DATASET ENTRIES section start
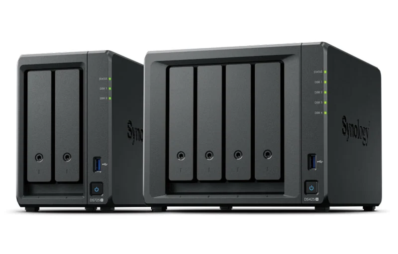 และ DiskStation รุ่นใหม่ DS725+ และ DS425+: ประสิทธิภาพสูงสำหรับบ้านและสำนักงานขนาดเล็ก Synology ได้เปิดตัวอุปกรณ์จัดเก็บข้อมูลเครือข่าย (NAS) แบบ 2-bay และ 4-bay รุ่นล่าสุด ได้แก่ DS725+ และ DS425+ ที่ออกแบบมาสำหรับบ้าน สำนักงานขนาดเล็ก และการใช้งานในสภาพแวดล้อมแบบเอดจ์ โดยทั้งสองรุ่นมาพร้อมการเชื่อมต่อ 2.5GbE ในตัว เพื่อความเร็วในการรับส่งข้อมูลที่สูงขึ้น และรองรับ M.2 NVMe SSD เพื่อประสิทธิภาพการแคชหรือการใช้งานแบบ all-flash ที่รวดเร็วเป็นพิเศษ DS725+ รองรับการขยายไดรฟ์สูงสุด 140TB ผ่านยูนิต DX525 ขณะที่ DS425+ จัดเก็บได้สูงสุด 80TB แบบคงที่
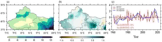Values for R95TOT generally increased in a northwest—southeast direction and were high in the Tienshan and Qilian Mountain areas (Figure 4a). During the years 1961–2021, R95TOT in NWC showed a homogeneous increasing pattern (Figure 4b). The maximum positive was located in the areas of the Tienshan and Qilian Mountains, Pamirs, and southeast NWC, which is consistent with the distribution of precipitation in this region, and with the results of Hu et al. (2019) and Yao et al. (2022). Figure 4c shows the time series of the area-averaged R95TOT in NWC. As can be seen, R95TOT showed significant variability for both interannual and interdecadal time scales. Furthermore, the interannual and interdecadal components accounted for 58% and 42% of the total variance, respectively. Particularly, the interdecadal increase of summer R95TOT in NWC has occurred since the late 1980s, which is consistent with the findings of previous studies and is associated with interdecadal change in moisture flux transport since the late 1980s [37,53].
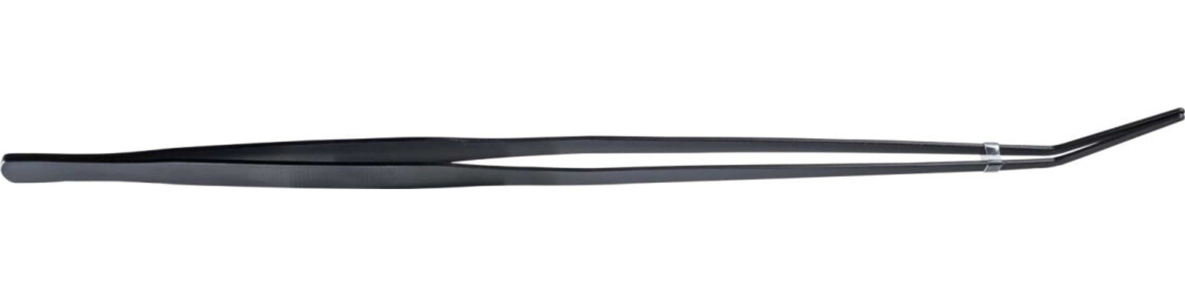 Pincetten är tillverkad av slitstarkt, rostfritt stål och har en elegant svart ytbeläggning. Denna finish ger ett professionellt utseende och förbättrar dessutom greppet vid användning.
DATASET ENTRIES section end
DATASET ENTRIES section start
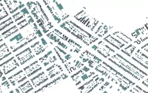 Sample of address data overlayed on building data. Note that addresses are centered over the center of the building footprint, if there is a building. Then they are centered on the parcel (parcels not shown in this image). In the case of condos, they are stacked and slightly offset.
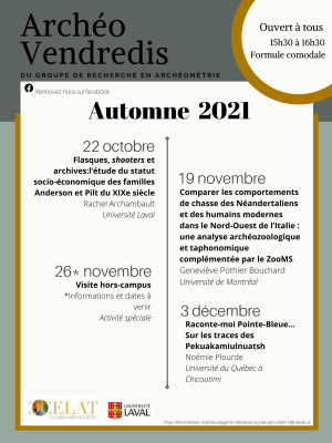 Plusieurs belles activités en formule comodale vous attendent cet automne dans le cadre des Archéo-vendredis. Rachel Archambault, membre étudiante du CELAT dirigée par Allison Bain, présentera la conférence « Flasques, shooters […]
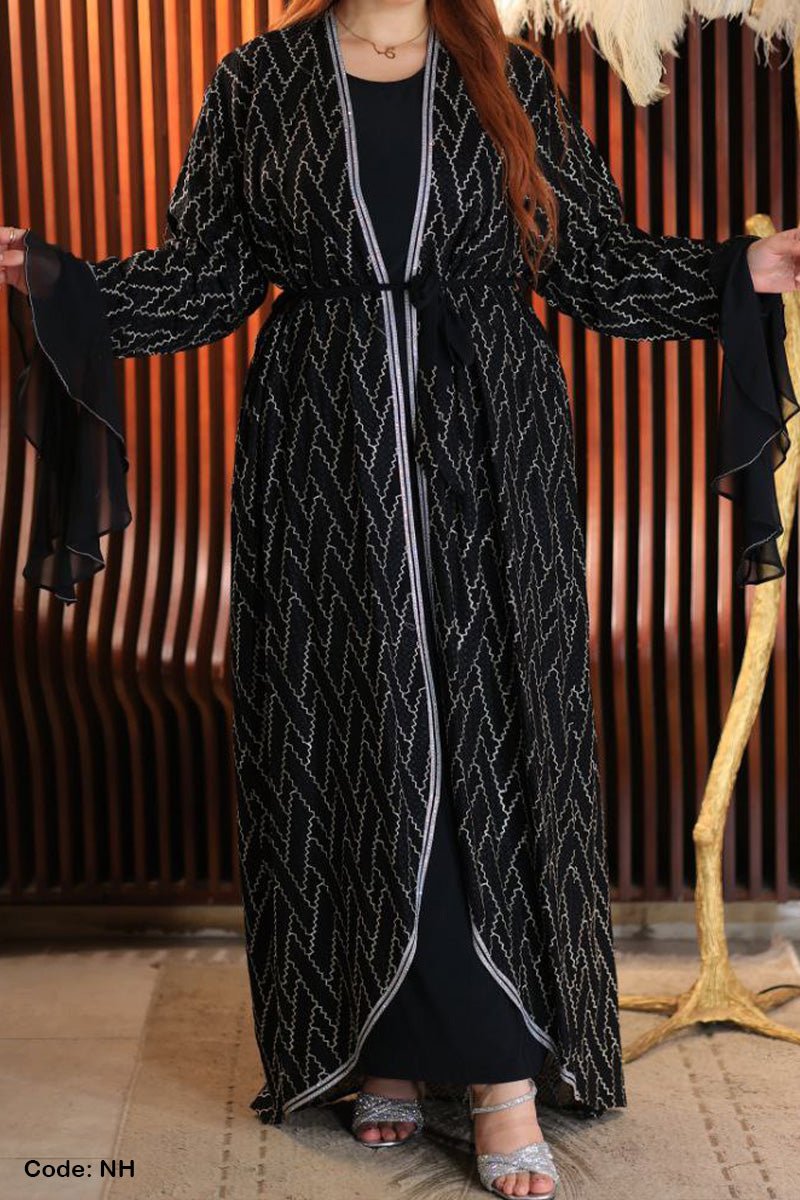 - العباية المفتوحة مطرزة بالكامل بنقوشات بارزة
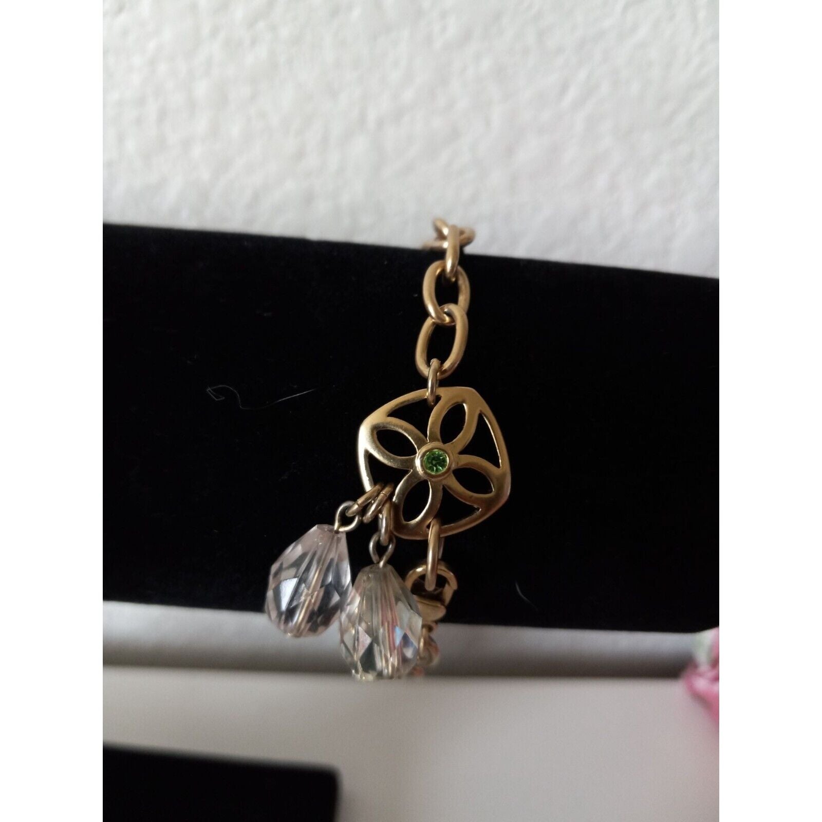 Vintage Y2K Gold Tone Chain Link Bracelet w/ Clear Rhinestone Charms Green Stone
DATASET ENTRIES section end
Using the entries above, write out exactly the lines from the one with "- العباية المفتوحة" through the one with "Vintage Y2K Gold", ends included. Leave out any pictures.

 - العباية المفتوحة مطرزة بالكامل بنقوشات بارزة
 Vintage Y2K Gold Tone Chain Link Bracelet w/ Clear Rhinestone Charms Green Stone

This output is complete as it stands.